Beth permanecía en posición de tiro, cara a la popa, y procuraba afianzar su arma en el respaldo de su asiento.

– John, gira en redondo y nos colocaremos tras él -dijo.

– Beth, no soy un comandante de la Marina y esto no es un combate naval.

– ¡No quiero tenerlo a nuestra espalda!

– No te preocupes. Limítate a vigilar -respondí, echando una ojeada al indicador de combustible, que marcaba entre un octavo y vacío-. No tenemos suficiente gasolina para maniobrar.

– ¿Crees que todavía se dirige a Plum Island? -preguntó Beth.

– Allí es donde está el oro.

– Pero sabe que lo hemos descubierto.

– Razón por la cual no dejará de intentar matarnos, o por lo menos de presenciar que zozobramos y nos ahogamos.

– ¿Cómo hemos logrado situarnos delante de él? -preguntó después de unos instantes de silencio.

– Supongo que navegábamos más de prisa: las leyes de la física.

– ¿Tienes algún plan?

– No. ¿Y tú?

– ¿Ha llegado el momento de dirigirse a un puerto seguro?

– Tal vez. Pero no podemos retroceder; no quiero tener que verme de nuevo con el rifle de Freddie.

Beth encontró la carta de navegación plastificada en cubierta y la abrió sobre el salpicadero.

– Eso de ahí debe de ser el faro de Long Beach -dijo mientras señalaba.

Miré hacia adelante, a mi derecha, y vislumbré una luz tenue que parpadeaba.

– Si nos dirigimos a la izquierda del faro -prosiguió-, puede que veamos algunos indicadores del canal que nos conduzcan a East Marión o a Orient. Podemos desembarcar en algún lugar y llamar a los guardacostas o al personal de seguridad de Plum Island para advertirles de la situación.

Miré la carta, iluminada por la suave luz del salpicadero.

– Es imposible navegar con este barco, en esta tormenta, por esos estrechos canales -respondí-. El único lugar al que podría llegar es Greenport, o tal vez Dering, pero Freddie está entre nosotros y esos puertos.

– En otras palabras -dijo Beth después de reflexionar unos instantes-, ahora ya no le perseguimos a él, sino que él nos persigue a nosotros hacia alta mar.
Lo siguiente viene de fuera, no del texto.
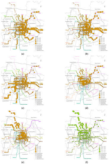 (1) Office facilities, catering facilities, FAR, the number of parking lots and whether it is a transfer station have a positive impact on the morning peak outbound ridership. Office facilities (Figure 4a) and FAR (Figure 4b) have significant impacts on outbound ridership of all subway stations. Under the similar spatial distribution characteristics of the impact coefficient, the closer to the eastern region of Beijing, the greater the impact of office facility density and FAR on the morning peak outbound ridership of subway stations; catering facilities (Figure 4c), the number of parking lots (Figure 4d) and whether they are transfer stations (Figure 4e) have a significant impact on the morning peak outbound ridership of most subway stations. Catering facilities have a greater impact on the southwest and eastern region of Beijing. The number of parking lots has a greater impact on the central district of Beijing’s urban area, mainly within the Third Ring Road, and it also has a greater impact on the morning peak outbound ridership of subway stations located in the east and northeast. Whether the station is a transfer station has a greater impact on the ridership of subway stations located between the East Second Ring Road and the East Third Ring Road, and it also has a greater impact on the ridership of subway stations that are located on the northwest subway lines;

– Bueno… podríamos decir que le conducimos a una trampa.

– ¿Qué trampa?

– Sabía que me lo preguntarías. Confía en mí.

– ¿Por qué?

– ¿Por qué no? -dije al tiempo que soltaba un poco los aceleradores y el Fórmula se estabilizaba ligeramente-. A decir verdad, me gusta cómo están las cosas. Ahora sé con seguridad dónde se encuentra y hacia dónde se dirige. Prefiero ocuparme de él en tierra firme. Le esperaremos en Plum Island.

– Bien -dijo Beth mientras doblaba la carta y miraba por encima del hombro-. Nos supera en armas y en embarcación.

– Correcto -respondí, fijando el rumbo a la derecha del faro, hacia la bahía de Gardiners y en dirección a Plum Island-. ¿Cuánta munición te queda?

– Me quedan nueve disparos en la pistola y un cargador de quince en el bolsillo -respondió.

– Con eso basta -dije y la miré fugazmente-. Has disparado muy bien ahí atrás.

– No mucho.

– Le has impedido apuntar y puede que le hayas alcanzado.

No respondió.

– Oí el último disparo junto al oído antes de hacer impacto en el parabrisas. ¡Maldita sea! Como en los viejos tiempos en la ciudad. Por cierto, ¿estás bien?